Scripps's seagoing operations contribute significantly to the region's maritime economy, drawing from the region's exceptionally skilled workforce and employing more than 150 skilled technicians, engineers, crew, and administrators for ship operations. The more than $28 million generated annually from external funding sources for Scripps fleet operations is reinvested by the university into the local San Diego and regional economy.
"The blue economy is the next big thing for San Diego and having this research vessel in our port will be a tremendous opportunity to showcase that," said Greg Cox, chairman of the San Diego County Board of Supervisors. "Scripps is a research powerhouse and I'm thrilled about the potential economic benefits of better understanding our oceanographic systems."
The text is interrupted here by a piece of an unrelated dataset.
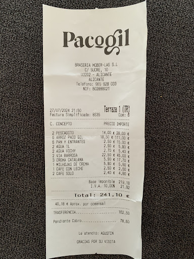 Read moreFuy con mi familia éramos 9 personas y nos cobraron 530€ pedimos: 2 platos de queso y nos lo sirvieron que solo había un trocito de queso para cada uno, dos platos de calamares, 2 platos de tomate con capellan y una paella para los 9, nos la sirvieron en dos paelleros a duras penas pudimos ponernos cada uno un plato en condiciones nos quedamos con hambre y eso que pedimos entrantes, el servicio de platos y cubiertos algunos estaban sucios, parecía que habían recien comido con esa cubertería, la calidad de la comida estaba bien pero las raciones super escasas te quedas con habré, tuvimos que pedir unos platos de carne y aún así no nos quedamos saciados, para variar los precios por las nubes y eso que no pedimos postre, consumimos 2 botellas de agua medianas, 4 cocacolas ,3 jaras de cerveza y la mitad era todo espuma y 2 botellas de vino de la casa, demasiado caro para lo que era y en último lugar el servicio nos atendieron 2 personas una camarera y un camarero, la chica muy amable pero el señor nada amable y sin educación, sin duda...

For more than a century, Scripps has been a part of the University California and its ships have benefitted from key support from the UC System and UC San Diego. As with other Scripps research vessels Roger Revelle, Melville, New Horizon and Robert Gordon Sproul, R/V Sally Ride will allow early career scientists to engage in ship-based science and training to support the next generation of researchers. The ship will participate in the UC Ship Funds Program, a unique resource that allows University of California graduate students to proposes, design, and execute their own research programs at sea.
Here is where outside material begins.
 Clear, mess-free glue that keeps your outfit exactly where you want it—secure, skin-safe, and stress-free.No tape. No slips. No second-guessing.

Thousands of scientists, students, and government researchers use Scripps research vessels every year, making them the most widely used oceanographic vessels in the United States. Scripps operates one-fifth of the research vessels in the U.S. academic research fleet, and over the past four years Scripps ships carried nearly 4,200 people to sea. About half of these scientists are from Scripps and other University of California campuses, and the other half affiliated with other U.S. academic institutions, government laboratories (NOAA, Navy, etc.), international research laboratories, and K-12 schools. Scripps has operated research vessels since 1904, and is a charter member of the University-National Oceanographic Laboratory System (UNOLS), which coordinates academic fleet activities.
The new vessel will be the third in the Scripps fleet that is owned by the U.S. Navy and managed by the Office of Naval Research, joining research vessels Melville and Roger Revelle as well as research platform FLIP. Scripps Associate Director Bruce Appelgate, head of Scripps Ship Operations, notes that the Navy funds about 30 percent of the work done on Scripps vessels for basic research with relevance to Department of Defense (DoD) operations. The new vessel will ensure that the seagoing collaboration will continue 30 to 40 years into the future. Funding for research expeditions aboard the Scripps fleet is also provided by the National Science Foundation, NOAA, and the U.S. Geological Survey.
"Scripps-operated research vessels are ideal platforms for many kinds of DoD-relevant research, and are available for Navy use," said Appelgate. "We are able to work closely and flexibly with our Navy research partners to provide quick and efficient access to the sea, whether for a day trip out of San Diego or a multi-week cruise."
R/V Sally Ride is currently under construction at Dakota Creek Industries Inc. in Anacortes, Wash., and is scheduled for launch in 2015, with routine scientific operations commencing in 2016 following installation of instrumentation and sea trials.